Segment Start: The data

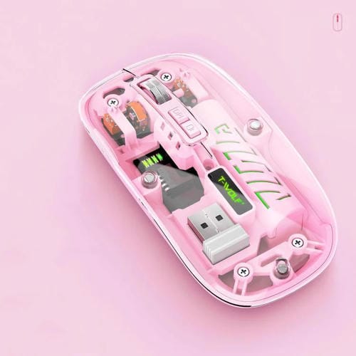 Ratón inalámbrico transparente T-WOLF X11, modo dual, 2.4G + Bluetooth, recargable por USB-C con tapa magnética (rosa)
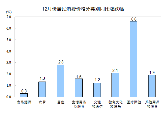 12月份,其他七大類價格同比均上漲。其中,醫(yī)療保健、居住、教育文化和娛樂價格分別上漲6.6%、2.8%和2.1%,其他用品和服務、生活用品及服務價格分別上漲1.9%和1.6%,衣著、交通和通信價格分別上漲1.3%和1.2%。
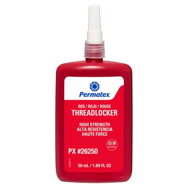 Permatex 26250 Permanent Strength Threadlocker, 50 mL Bottle, Liquid Form, Red
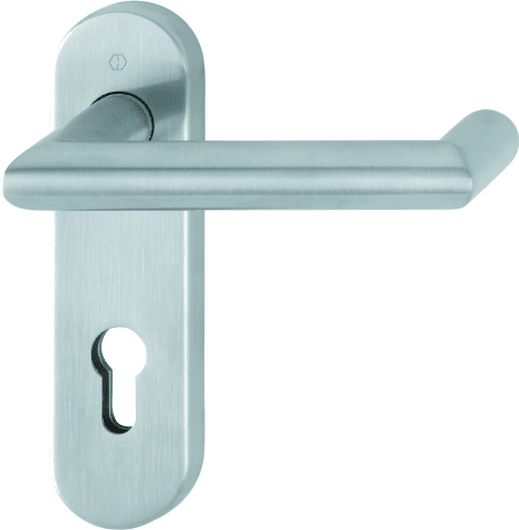 HOPPE® Drückergarnitur Rotterdam FS-E1401/353KH; Abdeckung: Kurzschild; Form: oval; Vierkant: 9 mm; Material: Edelstahl; Befestigungstechnik: mit Stütznocken; Befestigungsart: verdeckt verschraubt; Ba

Segment End: The data

▸ **Work item**
Your task is to reproduce exactly the lines from the one that holds "12月份,其他七大類價格同比" to the last line of the listing, and only those, omitting the pictures.

▸ **Solution for this problem**
 12月份,其他七大類價格同比均上漲。其中,醫(yī)療保健、居住、教育文化和娛樂價格分別上漲6.6%、2.8%和2.1%,其他用品和服務、生活用品及服務價格分別上漲1.9%和1.6%,衣著、交通和通信價格分別上漲1.3%和1.2%。
 Permatex 26250 Permanent Strength Threadlocker, 50 mL Bottle, Liquid Form, Red
 HOPPE® Drückergarnitur Rotterdam FS-E1401/353KH; Abdeckung: Kurzschild; Form: oval; Vierkant: 9 mm; Material: Edelstahl; Befestigungstechnik: mit Stütznocken; Befestigungsart: verdeckt verschraubt; Ba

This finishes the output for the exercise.